Yesterday, @gravbeast asked on Twitter,

Does anyone know why we traditionally use Greek phi and psi for metasyntactic variables representing arbitrary logic formulas? Is it just because ‘formula’ begins with an ‘f’ sound? And chi was being used for other things?

Although Whitehead and Russell already used φ and ψ for propositional functions, the convention of using them specifically as meta-variables for formulas seems to go back to Quine’s 1940 Mathematical Logic. Quine used μ, ν as metavariables for arbitrary expressions, and reserved α, β, γ for variables, ξ, η, σ for terms, and φ, χ, ψ for statement. (ε, ι, λ had special roles.) Why φ for statements? Who knows. Perhaps simply because Whitehead and Russell used it for propositional functions in Principia? Or because “p” for “proposition” was entrenched, and in classic Greek, φ was a p sound, not f?
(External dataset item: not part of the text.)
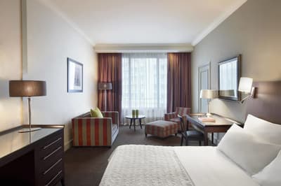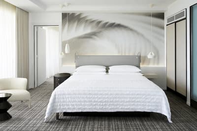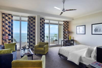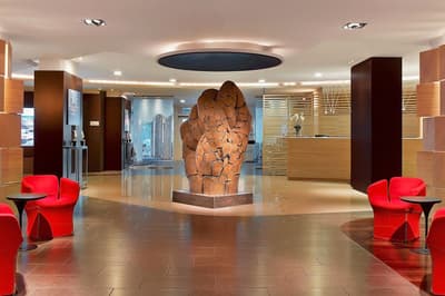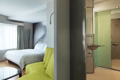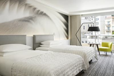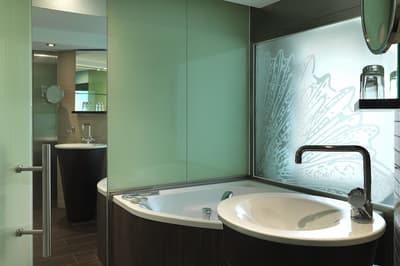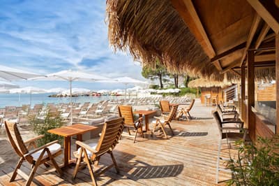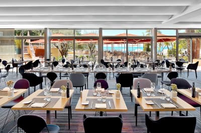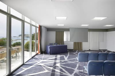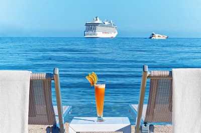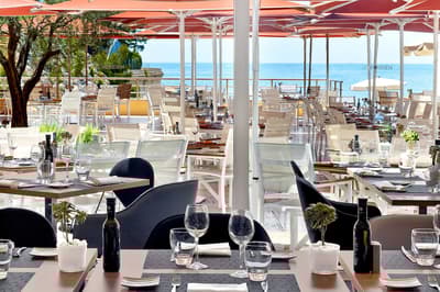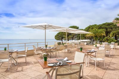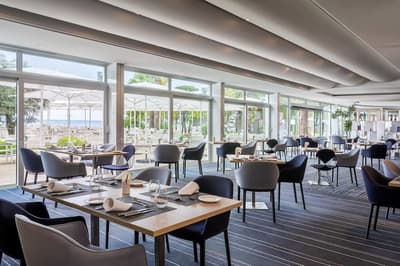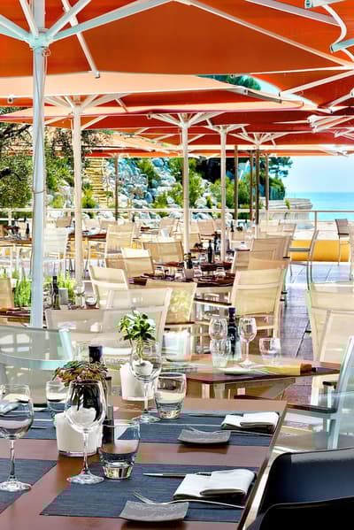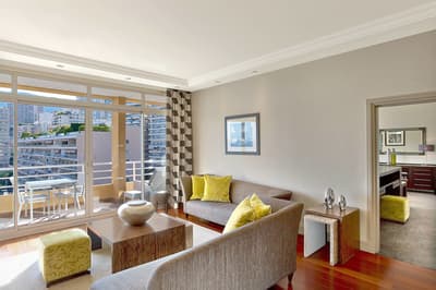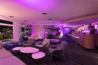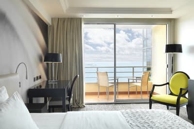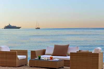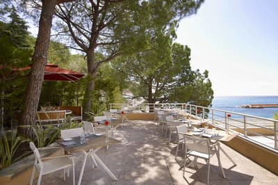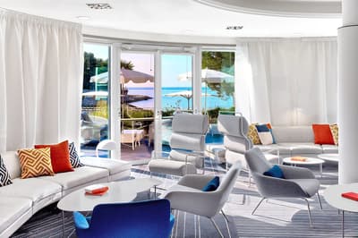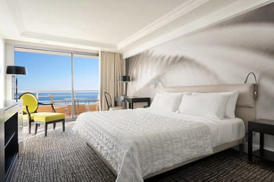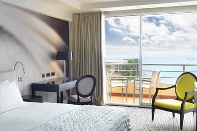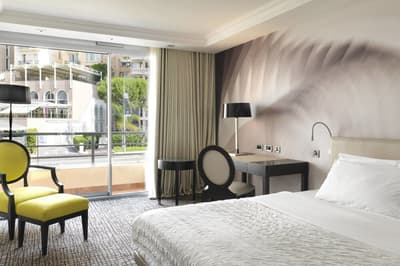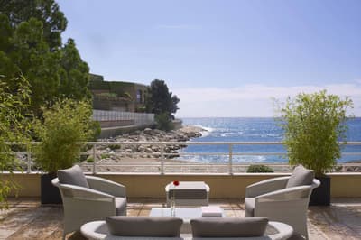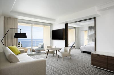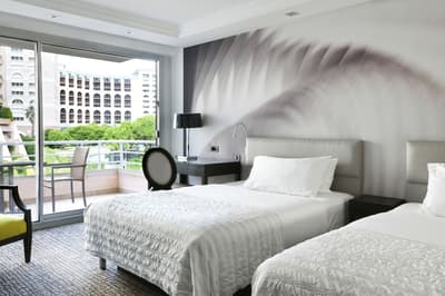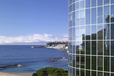 Le clou du spectacle au Méridien Beach Plaza : les chambres design ! Avec leurs fenêtres panoramiques, tout en courbes, et leur déco... design, elles sont juste uniques. Elles se situent dans les deux tours de cristal de ce grand bâtiment jaune. Dans l’ensemble, le style de cet hôtel est moderne et minimaliste. Ça se remarque dès l’entrée, avec ce poing géant dans le hall d’accueil, mais aussi dans les salons communs, où des bibliothèques épurées séparent les espaces. On trouve des meubles aux formes arrondies dans toutes les pièces et des lumières flashy, à la nuit tombée, illuminent la piscine et le bar. Vous allez adorer le grand bassin extérieur, bordé de pins, mais surtout la plage privée - le Méridien est le seul hôtel à en posséder une à Monaco ! Allongés sur les transats, vous pourrez regarder passer les yachts sur la Méditerranée, en rêvant à une vie plus VIP. Bon, là où vous êtes, c’est déjà pas mal quand même. De certaines chambres, on a d’ailleurs l’impression d’être sur un bateau tant la vue sur la mer semble infinie, sans rien autour ! Emporter sa serviette et faire quelques brasses matinales, prendre son p'tit déj' en terrasse, chiller au bar paillote… Une belle routine s’installe dans cet hôtel.

The most common alternative in use at the time was the use of Fraktur letters, e.g., \(\mathfrak{A}\) as a metavariable for formulas, and A as a formula variable; x as a bound variable and \(\mathfrak{x}\) as a metavariable for bound variables. This was the convention in the Hilbert school, also followed by Carnap. Kleene later used script letters for metavariables and upright roman type for the corresponding symbols of the object language. But indicating the difference by different fonts is perhaps not ideal, and Fraktur may not have been the most appealing choice anyway, both because it was the 1940s and because the type was probably not available in American print shops.